The lure of easy financing options offered by aggressively expanding broking companies is turning more and more small investors into speculators. Margin funding is the fastest-growing business of retail brokerages with income from this business growing faster than brokerage income, the mainstay of a stock-broking house, for many broking houses.
Margin funding is the funds that brokerages arrange to finance investors’ share purchases. It has nothing do with a situation where an investor needs to bring in more money to bolster margins kept with the broker for trading when share prices fall. The crucial difference between the two is that while a jobber or a day-trader uses the latter for intra-day trade, margin funding is used mostly by small investors to take delivery of shares, even when they do not have the money to buy the stock.
Fast-growing retail brokerages such as India Infoline and India Bulls fund 50-75% of the cost of buying shares with loans at interest rates ranging from 18% to 24%. Under this arrangement, if you want to buy Infosys shares worth Rs1 lakh, you need to pay only Rs25,000 or Rs50,000 and the balance will be funded by the broking house or its non-banking finance subsidiary. The amount of money offered depends on the stock that you are buying and the financing option chosen.
According to a customer service person from India Infoline, it funds 50% of the value if the margin funding is done through the company directly and 75% if the finance is taken through its non-banking finance subsidiary, which has an agreement with HDFC Bank to finance it. The non-banking finance arm will open an account for the investor with the bank, which will be used to transfer money for margin funding. “This will be a dummy account which we will open for you and you will not have to deal with the bank for this,” he said.
Retail finance for buying shares is quite easy in the on-line world. Many brokerages have on-line gateway to most new generation private sector banks such as ICICI Bank and HDFC Bank, which facilitate the investors to transfer funds from their account to brokerage accounts in real time, when the value of shares fall in the market. For example, if the value of Rs1 lakh worth Infosys shares falls to near Rs50,000, and the margin funding was for 50%, then the investor will need to bring in more money to maintain the margin or else the broker will sell the shares to recover the money lent as well as the interest.
It is difficult to quantify the quantum of financing in retail share purchases, though industry players admit that it has now become a common practice. One could get a feel of the size of the industry by going through the balance sheets of publicly listed brokerages.IL&FS Investsmart Geojit Financial Services.
Their balance sheets reveal that the fastest growing component of their business is income from fund-based activities like margin funding. India Infoline, for example, had 19% (Rs11.38 crore) of its income in the quarter ended 31 December 2006, coming from finance activity as against 4% (Rs2 crore) in the quarter ended 31 December 2005. Others have not provided the income break-up in their quarterlyresults. But their balance sheet for the financial year ended 31 March 2006 reveals that income from financing activity is on the rise.
The Reserve Bank of India (RBI), the country’s banking regulator, keeps a close watch on the exposure of banks to the stock market.

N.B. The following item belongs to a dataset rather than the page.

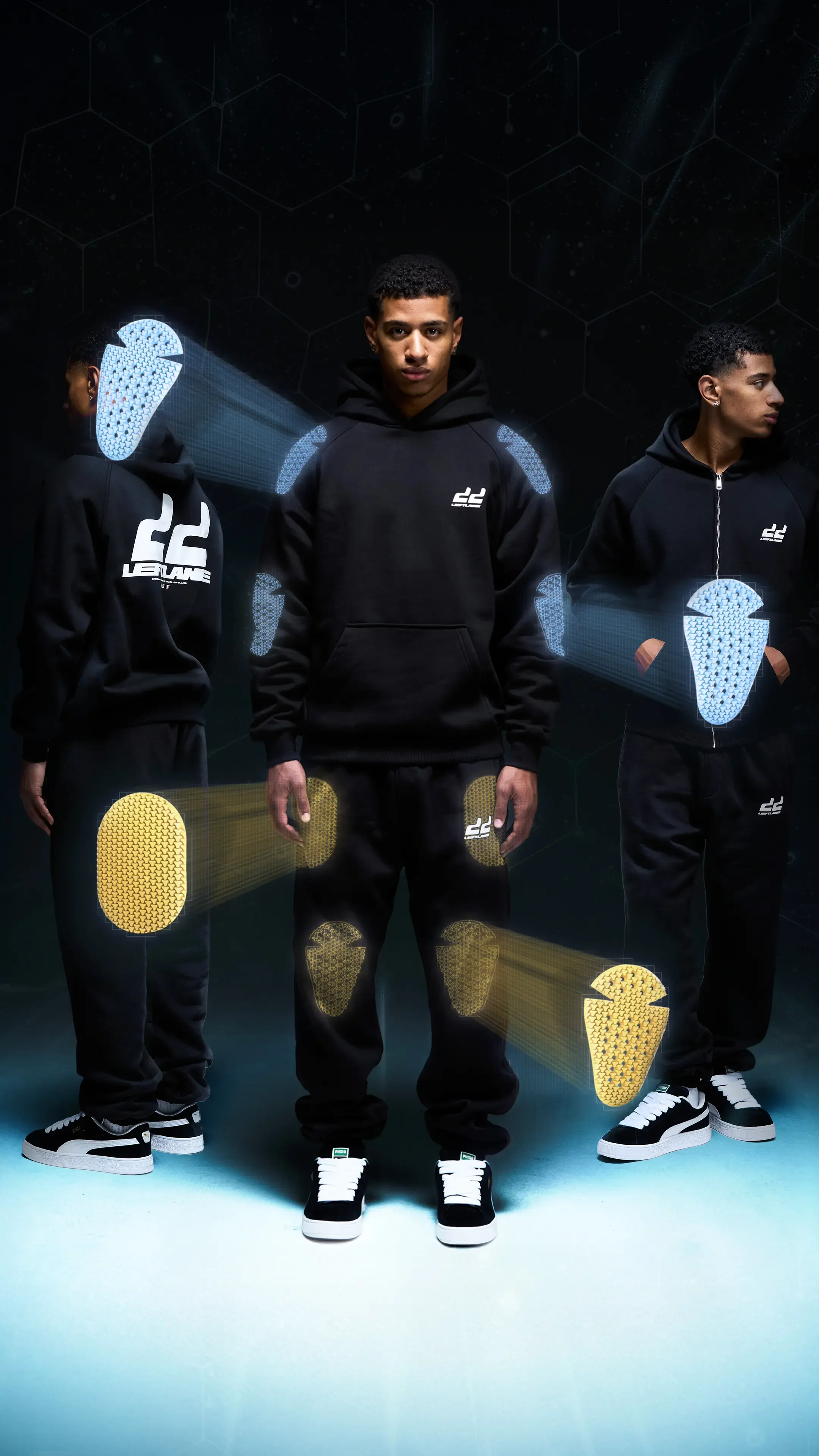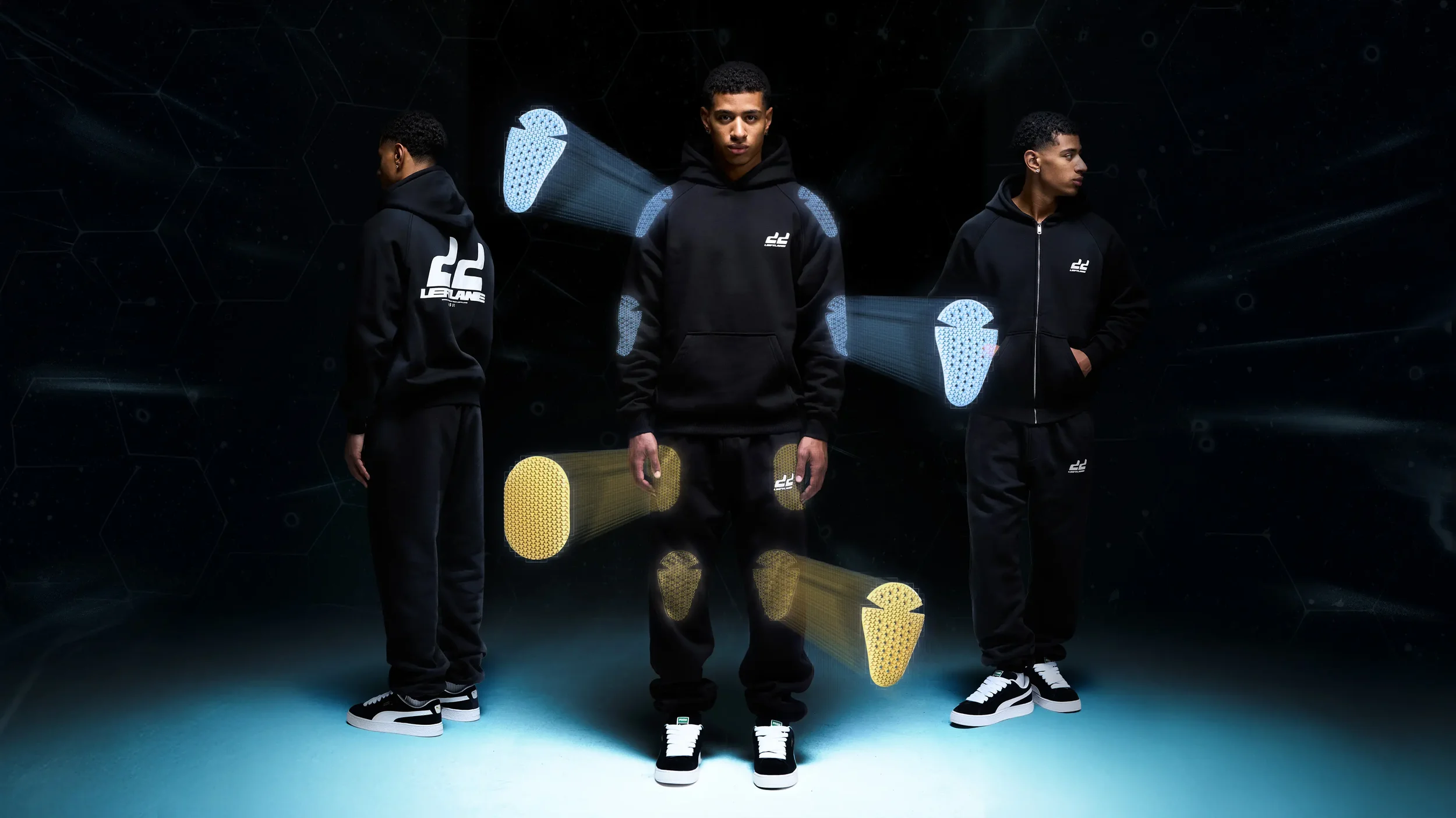 Three young men in black hoodies and sweatpants with 'LLAFANE' branding, standing against a digital, futuristic background with floating virtual sneaker sole designs and overlays, illustrating a virtual sneaker fitting concept. View fullsize

It had prescribed limits, but lending money to a non-banking finance company which, in turn, lends it to a stock broker does not fall within this limit. Under the norms of the country’s central bank, the aggregate exposure of a bank to capital markets in all forms (including investment in shares as well as stock lending) should not exceed 40% of its net worth. Many new private sector banks are learnt to be nearing this exposure limit.

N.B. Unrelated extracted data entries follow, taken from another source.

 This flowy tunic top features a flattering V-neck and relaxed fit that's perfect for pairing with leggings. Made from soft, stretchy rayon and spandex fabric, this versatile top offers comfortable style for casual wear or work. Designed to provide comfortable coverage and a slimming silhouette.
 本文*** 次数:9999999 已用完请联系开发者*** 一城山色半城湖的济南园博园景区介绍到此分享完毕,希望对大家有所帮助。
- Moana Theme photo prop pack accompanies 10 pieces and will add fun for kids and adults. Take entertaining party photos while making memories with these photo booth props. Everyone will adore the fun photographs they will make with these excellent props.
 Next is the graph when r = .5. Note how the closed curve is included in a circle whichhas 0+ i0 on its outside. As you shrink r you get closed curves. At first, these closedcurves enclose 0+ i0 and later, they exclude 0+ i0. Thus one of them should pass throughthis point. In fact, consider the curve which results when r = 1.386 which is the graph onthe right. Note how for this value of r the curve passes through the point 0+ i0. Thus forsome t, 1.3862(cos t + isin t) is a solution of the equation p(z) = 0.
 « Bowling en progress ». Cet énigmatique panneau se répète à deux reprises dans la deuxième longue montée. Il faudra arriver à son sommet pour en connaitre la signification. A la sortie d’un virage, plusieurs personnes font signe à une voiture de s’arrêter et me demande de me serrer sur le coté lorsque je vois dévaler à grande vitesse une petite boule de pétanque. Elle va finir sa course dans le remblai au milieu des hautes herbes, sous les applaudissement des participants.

RBI is aware of the additional exposure to stock markets through lending via non-banking finance firms to stock broking firms. It has taken some measures to reduce the fund flow to stock market by making it expensive for banks to lend to such non-banking finance companies. In its latest credit policy announcement on 31 January 2007, the central bank increased provisioning requirement for banks’ exposures “to non-deposit taking systematically important non-banking financial companies” to 2% from the earlier 0.4% and increased the risk weight for banks’ exposure to such firms to as much as 125% from the existing 100%. This essentially means that for every Rs100 worth of lending to such a firm, a commercial bank needs to make a provision of Rs2, up from Re0.40.